So I’m sure at one time or another we all have heard of May-December Romances. May-December Relationships often involve a wealthy older man and a younger beautiful woman; with the older lover sponsoring all the things his young lover’s heart desires. But nowadays older women have joined the popular wisdom. Older women have also started taking care of younger men as long as they supply their needs. Most of these relations seem to have formed from the older man or woman coming from divorce, being widowed, or maybe the older lover focusing on a career, business, or life in general in their younger years; and not taking love so seriously. So in their older years they grow lonely and seek excitement, fun, and sexual healing…and may I add, is willing to pay whatever they have to, to get the younger lover and keep them.
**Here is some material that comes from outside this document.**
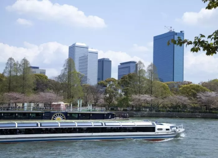 Van kasteel Osaka is het een klein stukje lopen naar de rivier. Hier stapt u aan boord van de Aqualiner-boot voor een sightseeing-boottocht op de waterwegen van Osaka.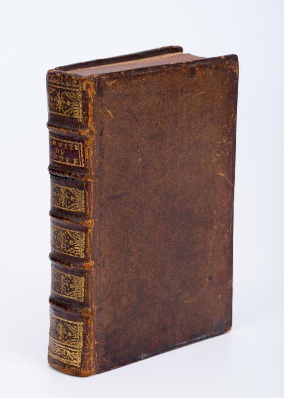Paris, Chez Mathurin Henault, Nicolas de la Vigne et Nicolas de la Coste, 1631. 12 cm x 16.5 cm. Frontispice, (6), 569 pages including a further 3 engravings (4 engravings including Frontispice). / Edition Originale, illustrée d’un frontispice gravé représentant la mort couronnée plus 3 gravures à représentations des Vanitez du Monde. Original Hardcover / Reliure d’époque de veau moucheté, dos à nerfs, caissons ornés, pièce de titre de maroquin marron, tranches rouges. Bon etat. Très rare ! / Minor repairs (professional) to the titlepage and only very minor lesion to some of the illustrations and some pages.

The younger lover on the other hand gives a fallacy of love in order to gain wealth, social status, or advancement opportunities. In some cases the December lover is aware and don’t mind the absence of real genuine love; however, in most cases one is surely deceiving the other to get what they want from the relationship.
In my younger years I had a May-December romance with and older gentleman. In the beginning my intentions were solely based on what I could get from the relationship; however, I was thrown for a loop and actually grew feelings for the old joker…He was a great man and supplied me with so many things, not just material wise, but knowledge and wisdom as well. The down fall was he was older, had lived life, and was set in his own ways. I was young, vibrant, and wanted fun and action. Not to spend every Saturday night in his Jacuzzi, watching CNN. My older lover also had insecurities. Every man that I would come in contact with, that was younger; he felt I wanted them in some sort of way. Later came the midnight rides by my house to see who was there. Graduating to stalker like behavior which made me have to end the relationship. After leaving that relationship, I promised myself that I would never involve myself in such a relationship again. It was a hard and stressful relationship, I’m almost sure it was just as stressful to him. But by both of us wanting whatever we wanted from each other, we were willing to deal with certain behaviors that we wouldn’t have had to deal with; had we chose to date someone of our own age and status.
In conclusion, I feel that in order to date someone that is of a significant age difference from yourself, you still will have to have some kind to liking or understanding of the other person. Because it will be lots of ups and downs or plus and minuses. The May- December Romance may be an enjoyable ride, however, in my opinion; the ride will be a short one, because eventually both will have to face the fact that they are living a fallacy of emotions to satisfy his or her needs. And in time all those hidden intentions or insecurities will begin to surface and tear apart the May-December Romance anyway.
What are your thoughts? Do you feel that these types of relationships are healthy? Do they really last?